Dies ist der Auslöser für das Geschehen auf der Bühne. Ohne die Grundhaltung der Ortrud gäbe es keine Notwendigkeit, Lohengrin erscheinen zu lassen und das Gift des Zweifels in Elsas Herz zu gießen.

Die Figur der Gegenspielerin der weiblichen Lichtgestalt Elsa, 'Die Böse’, ist nicht in allen Quellen zum 'Lohengrin’ gegeben. Sie wird im 'Baierischen Lohengrin' als 'die von Kleve' angeführt:

Daz maer in allen was nû zart,
wan der einen, der ir wirt gevellet wart
von im ze Antwerf, dô er quam geslichen
Un valt mit tioste den von Kleven,
daz man in verquetschet ûdem ros muost heven,
wan im sîn zesmer arme was entwichen.

Diu sprach nû gar zühhteclîh 'ich hân erbiten kûû
Daz ich den degen hân gesehen,
dem sô gar diu menige kann des lobes iehen
und wie er in dem strît die dicke rûme.'

Sie sprach: 'er tiurt die kristenheit.
Sicherlîch, als ir uns, vrouwe, habt geseit,
sô hât der kristen geloube sîn genozzen.
Und waer er niur dar zuo geborn,
daz sîn lop niht adelshalbe waer verlorn.
sô ist ot er weizwann dort her gevlozzen,

Dáz niemant gewizzen kann, welh ent sîn adel reiche.'
daz wort der herzoginne gie
in daz herze, dâ von sie ein route gevie,
die nam ir ab ein snellclîchiu bleiche.

(Cramer, Thomas: Lohengrin, München, 1971, Vers 692, Seite 535)
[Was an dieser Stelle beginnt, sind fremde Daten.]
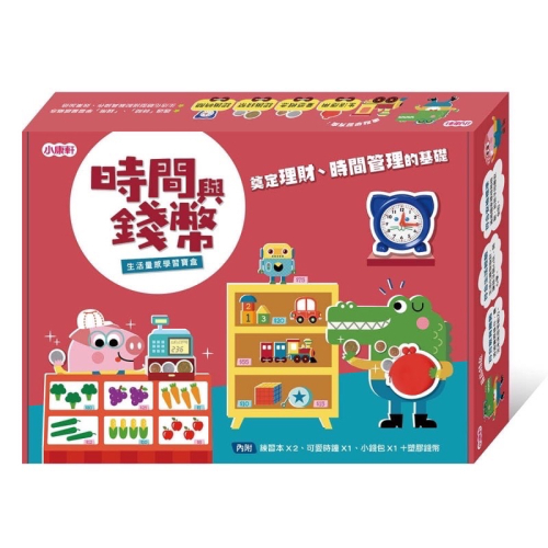 ★強打亮點3:趣味共64單元,觀念學習循序漸進 兩本學習書,可愛繽紛大圖與動物主角,活潑日常情境,引導基礎量感認知。 多元任務式解題,找一找、比一比、連一連,具體建立孩子生活中的時間、金錢概念。 │時間與錢幣──孩子的量感必修課,爸媽輕鬆教的生活學習寶盒! 玩具太貴是多「貴」? 等了好久是「多久」? 錢不夠是「不夠多少」? 時間的長短、金錢的多寡,是孩子從具體點數到抽象量感的關鍵認知門檻。 時間觀的建立,能進而理解白天到黑夜的分秒流逝,以及一日、星期、月份的時間管理。而,對錢幣的認知,能幫助掌握金額數量與價值,思考如何順利進行買賣,有助於從小培養存錢理財的好習慣。 本學習寶盒擁有最貼近生活的豐富題型,隨著精心設計的任務引導,搭配操作實際教具,有效輔助家長輕鬆帶領幼兒認識時間與錢幣,讓孩子的量感必修課充滿歡樂笑聲!

War Wagner anfänglich davon ausgegangen, seine Romantische Oper Lohengrin glücklich ausgehen zu lassen, Hermann Francke aus Breslau war einer der Verfechter, so kehrte er auch unterstützt von außen, Adolf Stahr, einer der einflussreichsten Kritiker des Vor- und Nachmärz fand, dass Lohengrin gar keine solche Lichtgestalt sei, denn er verlangt von den Menschen etwas Inhumanes, nämlich Gehorsam gegenüber jemanden, den man gar nicht kennt - zum negativen Ende zurück.

Besonderen Einfluss auf den Schluss des Werkes nahm auch die Gattin des damaligen Intendanten der königlich sächsischen Oper in Dresden, Ida von Lüttichau. Der Lohengrin habe so - eben mit der Abberufung durch den Gral zu enden und nicht anders. (ML Seite 340)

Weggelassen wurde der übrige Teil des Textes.